Sunday, February 6, 2011

Winter Sucks

Every time, and I mean every single gosh-darned time, I drive by my old apartment I feel like a little part of my heart is ripped out, thrown on the muddy ground, jumped on, and then shoved back in my chest to slowly poison and cripple my body. I hate my home. I love my old home. More than anything I wish I could be back there on my wonderful comfy couch, doing research papers and homework, working just one job, and petting my old cat.

Instead I'm in this crap hole excuse for a house, sitting on my ass wasting each day just hoping that I can make it through the day so I can wait out one more worthless day. I fail at teaching. I fail at my job (even though I'm relatively still a good, albeit lazy, employee). I'm not accomplishing everything I wanted to. I'm not accomplishing anything. I feel nothing but despair. Today, while with friends, was the first day in literally weeks that I could remember genuinely smiling. I miss the old days of summer, warmth, achievements, and eagerness. These days I just wait....wait...wait...and decompose, watching as the days pass by while my heart, and dreams, slowly die away.

Thursday, February 3, 2011

Once-Monthly Post

At this point in the semester I have little time to do much, including blog-updates so this is just a summary of random thoughts I think are important.
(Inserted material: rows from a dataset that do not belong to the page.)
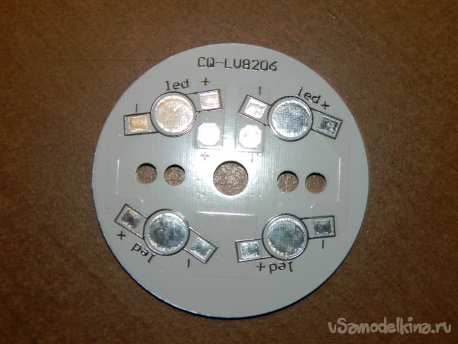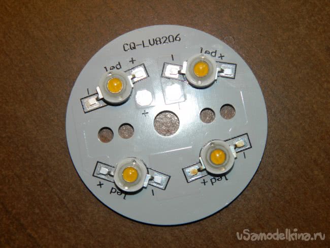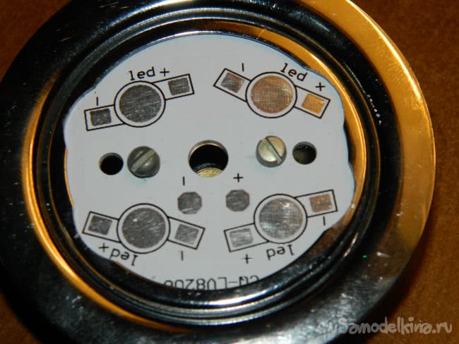Пластина-радиатор представляет собой многослойный круг (как раз под внутренний диаметр стекла мебельного светильника) с теплоотводящими площадками и контактами для пайки четырёх светодиодов мощностью 1 Вт, соединённых последовательно. Я поступил по проверенной схеме – наклеил на пластины светодиоды и положил их на просушку.
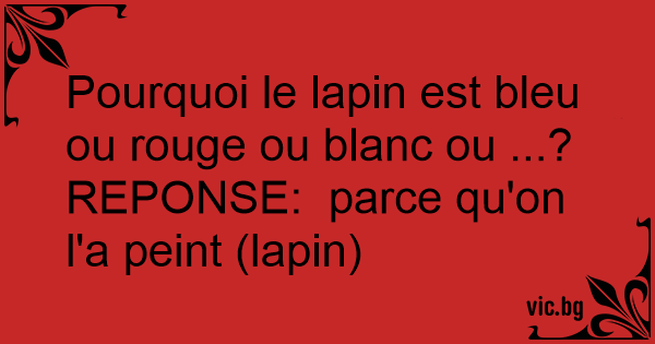 Pourquoi le lapin est bleu ou rouge ou blanc ou ...?
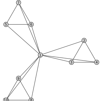 WindmillGraph(k,n) creates a windmill graph with n*(k-1)+1 vertices and n*k*(k-1)/2 edges. This consists of n copies of the complete graph on k vertices which are joined at a shared universal vertex.
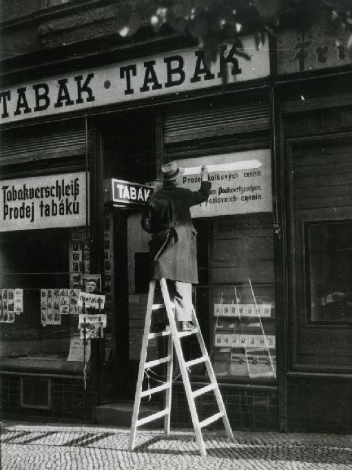 Odstraňování německých nápisů v Praze. 4. 5. 1945
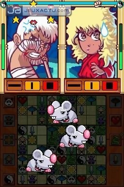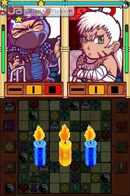 Dès l’allumage de la console, on sent que Zoonami s’est investi. Contrairement à l’austérité caractéristique des essais précédents, la première chose qui nous saute ici aux yeux est la qualité de l’habillage. Les développeurs ont créé un univers nippon, kawaii tout plein autour de leur concept de Zendoku. Un petit background a ainsi été créé avec ses personnages et leurs propres histoires. Limité, mais sympa. Ici fini les chiffres, place à de petits symboles qu’il faudra correctement placer dans des grilles classiques de Sudoku. D'autres softs du même genre avaient déjà tenté de faire varier le principe de base avec des divers dessins. Mais si les règles restent les mêmes, il ne s’agit pas là d’un simple maquillage destinant à nous tromper. Tout le concept du Zendoku tourne autour d’un système de duel où chaque ligne, colonne, carré de 3 sur 3 ou série de symboles complétés enverra à l’adversaire une attaque, qui se traduira par un mini-jeu dont il devra s’acquitter pour poursuivre sa grille. Loin d’être insignifiant, ce système vous permet de voir sur une barre dédiée le type d’attaque et le moment où vous serez frappé. Vous ne serez cependant pas une passive victime de tout ce manège car il est possible de se renvoyer les attaques. Un système de combo est présent afin d’enquiquiner davantage l’adversaire avec une attaque plus puissante. DS oblige, ces mini-jeux exploitent intelligemment les spécificités de la machine. Il faut, à la manière d’un WarioWare Touched, jouer du stylet et de votre souffle pour revenir à l’objectif principal. Peu variés, ils amèneront tout de même un peu plus de tension cassant la monotonie d’une partie de Sudoku classique, renforçant par là même le sentiment de compétition. Joueurs solitaires, les quêtes principales sauront vous tenir en haleine un bon moment, avec des persos supplémentaire à débloquer. Vous pourrez également vous exercer aux mini jeux. D’anecdotiques modes contre la montre et zen sont disponibles, puisqu’il s’agira réellement pour le coup d’un Sudoku déguisé. Encore plus inutile quand on sait qu’un mode Sudoku classique est présent.
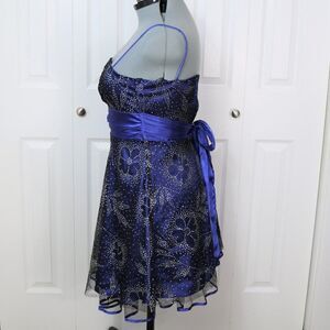 Spaghetti Strap Dress - NWOT, worn once, shown in second photo. Size 7/8 (listed as a size 7 Juniors). Fully lined, knee length. Mesh layer, silky satin layer, then another mesh layer on very bottom as shown that gives the dress it's bottom bit of texture. Color is a dark blue. Has sparkles/glitter all over it. Straps are non-adjustable as shown. Dress does zip all the way up, only pinned on plus size mannequin for photos. Is shown fully zipped on hanger photos. Measurements upon request.
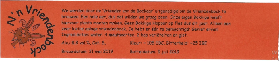 | Omschrijving | brouwdatum 31 mei 2019 botteldatum 5 juli 2019 |
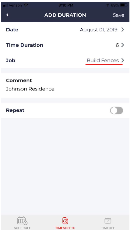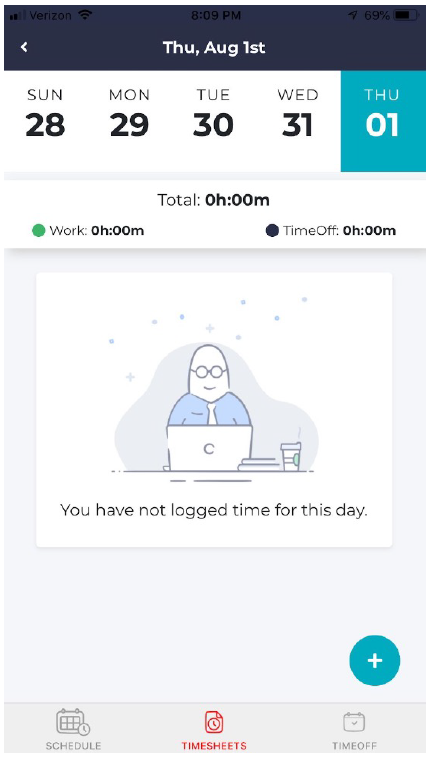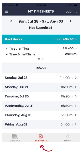 - Tap on the Timesheet icon on the bottom menu bar.
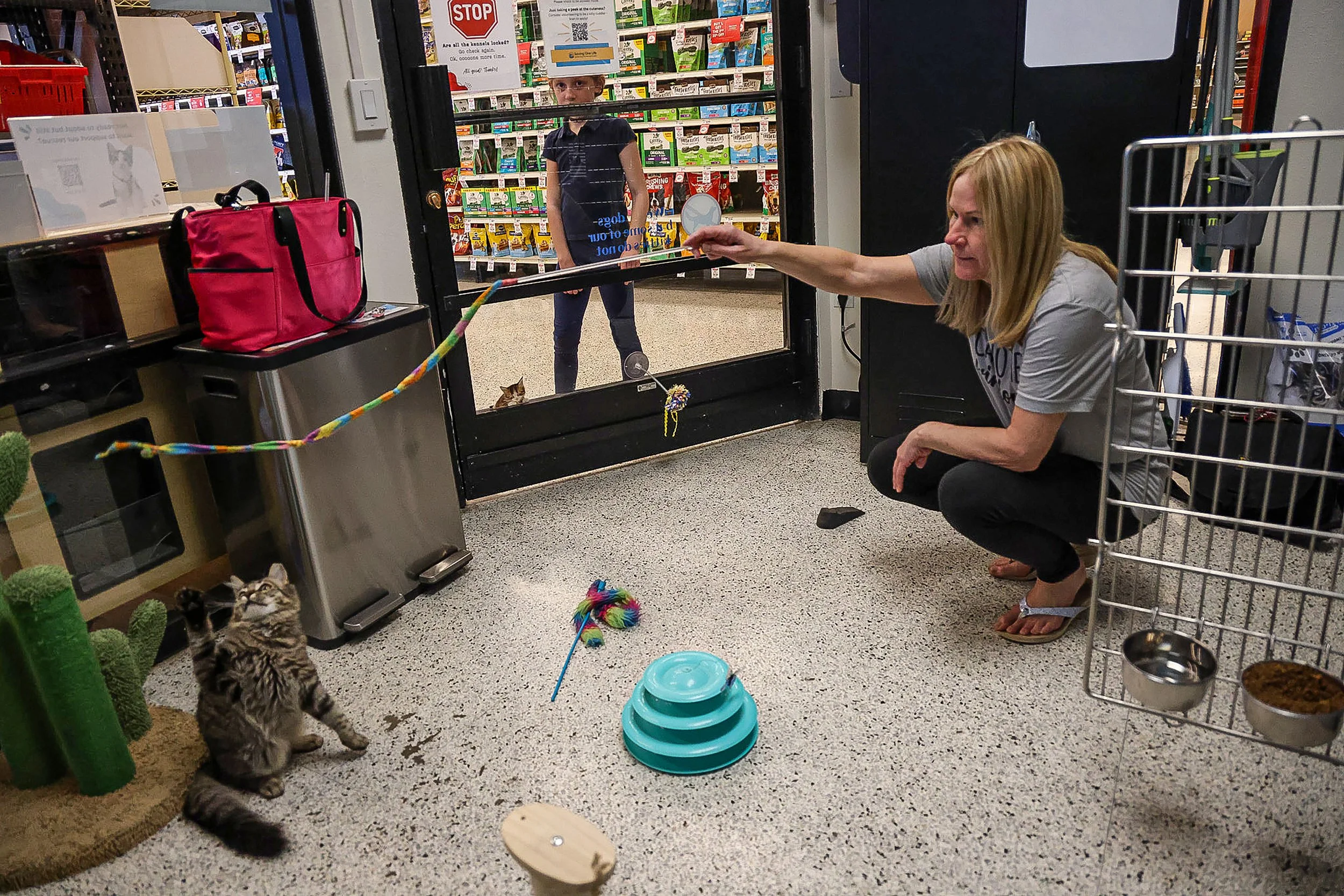 Cathy Christensen, volunteer at Saving One Life, pets cats during her shift at PetSmart on Wednesday, March 20, in Phoenix, Arizona. She has been volunteering for three years.
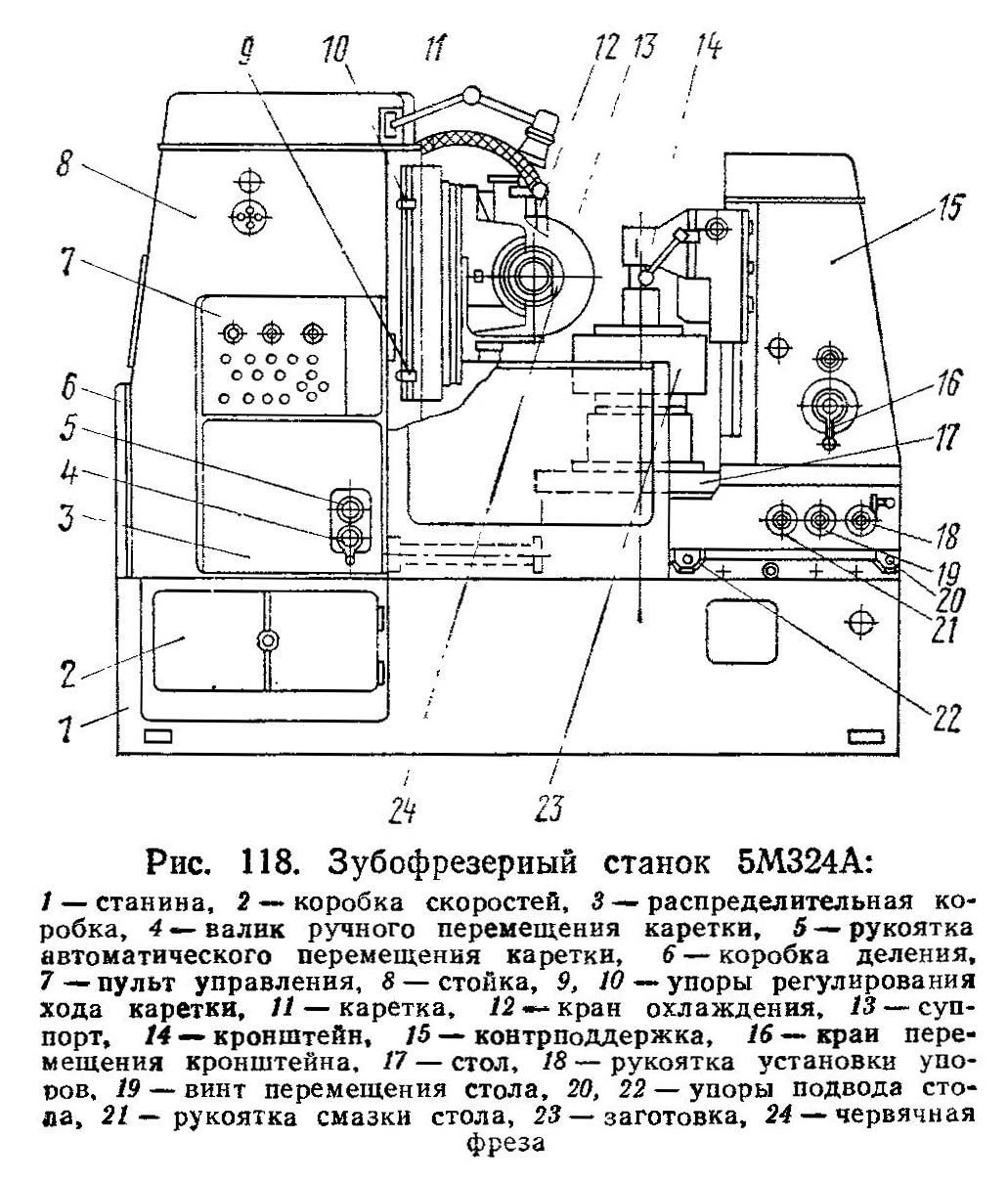 В станине 1 размещены коробка 2 со сменными зубчатыми колесами гітари головного руху. Главный електродвигатель, приводящий во вращение стол з нарезаемым зубчатым колесом 23 і инструментальный шпиндель з червячной фрезой 24, находится з задньої стороны станины. В станине размещен транспортер стружки, приводимый во вращение от отдельного електродвигуна. Резервуар для СОЖ находится в станине, откуда она насосом подается в зону обробки, а її количество регулируется краном 12.
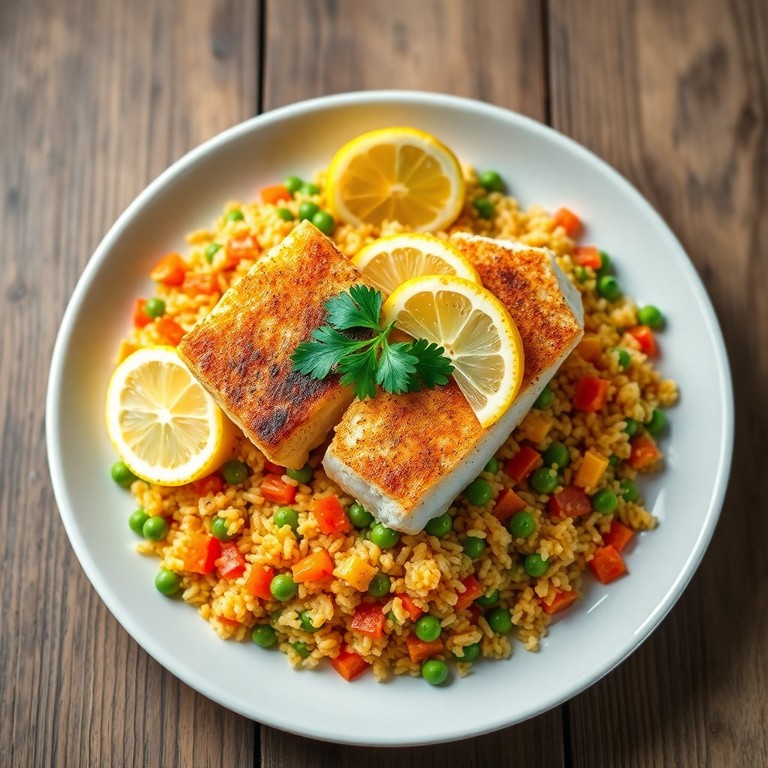 Knuspriger gebratener Fisch mit buntem Gemüse-Reis
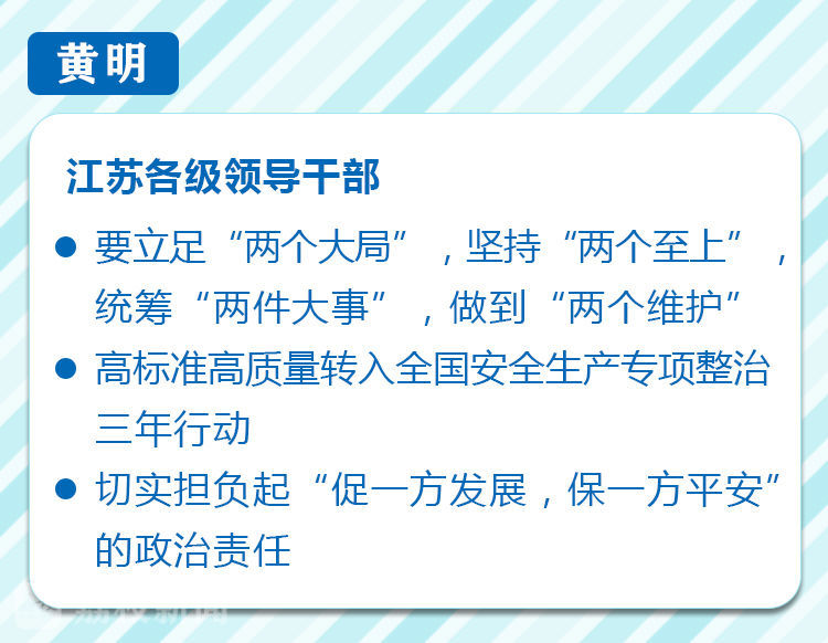 黄明指出,根据习近平总书记重要指示精神,按照国务院部署安排,国务院督导组去年11月进驻江苏,指导帮助江苏集中开展了一年的安全生产专项整治。一年来,江苏各级党委政府认真贯彻落实习近平总书记重要指示精神,以做到“两个维护”的政治自觉,以前所未有的力度、超乎常规的措施、攻坚克难的劲头,开展全方位、系统性集中整治,全省上下思想观念发生很大转变、安全责任链条逐步压紧压实、安全基础进一步夯实、安全发展水平明显提高,有效防范化解了一批重大安全风险,事故多发重发的被动局面得到改变。虽然专项整治取得显著成效,但要清醒看到,江苏现阶段安全生产风险隐患仍然突出,总体仍处于事故易发多发期,特别是事故总量仍处高位、存量风险仍然较多、增量风险日益凸显,影响安全生产的不稳定、不确定因素也明显增多,巩固安全形势、防止事故反弹任务仍艰巨繁重。江苏各级领导干部要进一步提高政治站位,立足“两个大局”,坚持“两个至上”,统筹“两件大事”,做到“两个维护”,强化底线思维和忧患意识,以高度的政治自觉思想自觉行动自觉,高标准高质量转入全国安全生产专项整治三年行动,持之以恒推动整治措施落实落地,切实担负起“促一方发展,保一方平安”的政治责任,真正在全国当表率、做示范、走前列。
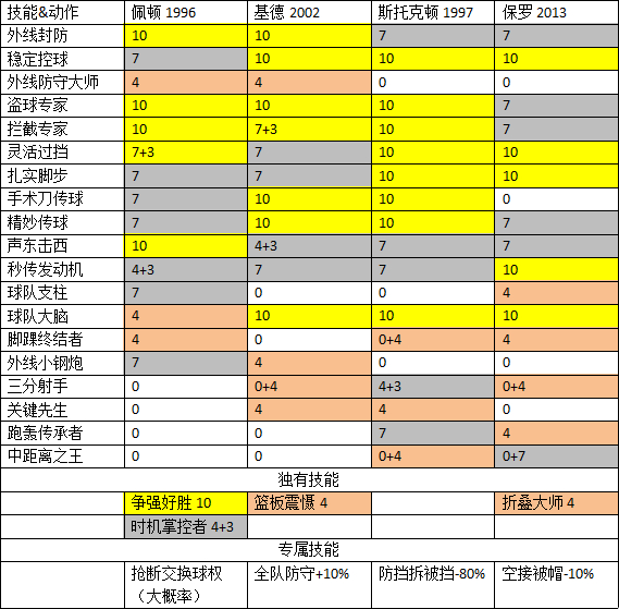 总体来说,基德防投射,佩顿防持球,斯托克顿防挡拆,保罗当混子。基德单防能力最好,进攻能力最差,三分晋升后可以投出A(所有区域),但命中率并不算特别高。基德力量很高,逼停对位者抢断应该还不错,遇到高力量依然被推但比其他几个要好得多。基德没有任何突破动作,持球攻基本靠陀螺,单排体验不好。佩顿刚出晋升那会儿很强,底角三分热区能出A,而且B三分还挺准;后来被削了一刀(基德大概也会削的吧),防守弱于基德,但新增了外线防守大师应该不会差。除此之外,佩顿持球攻应该是最好的。斯托克顿是防挡拆利器,但本身防守并不好,个子矮模型小,容易被撞开也容易被过掉,适合针对挡拆上场。斯托克顿也是四个人里三分投射最好的,抽烟最稳。保罗不说了,从前三个里面选一个你喜欢的培养吧,保罗用来过渡还是可以的,但不晋升不五星强度很低,不推荐。这里把保罗贴上来是为了更直观地看到与前三球星的差距。

1) Watching Animal Planet reminds me of Summer, or at least warmer weather, so I'm abstaining from watching it until the seasons change.
2) The months right before spring hits remind me of Avatar so I'm abstaining from watching or listening to Avatar music until at least March.
3) I've had four days off from school this week due to the ice storm. I should make a post later about my ridiculous ice storm adventures but I'm sure I won't until this semester ends.
4) I found a few apartments south of Indy near my sister's house so when spring break arrives I'm going to investigate the places and decide on one.
5) I got my hopes up thinking I was going to get 3 rats today but I had this little seed of doubt in my mind whispering to me that I wasn't being responsible by buying rat products and a cage. I ended up deciding not to get them because I should save that money for gas, bills, and tuition. While I know I made the responsible and adult choice, I still can't help feeling let down that I didn't get them. I wish I could have a pet. I just can't bring myself to spend the money on them.
6) As a great turn around from the previous point, I can get a dog in 3 months!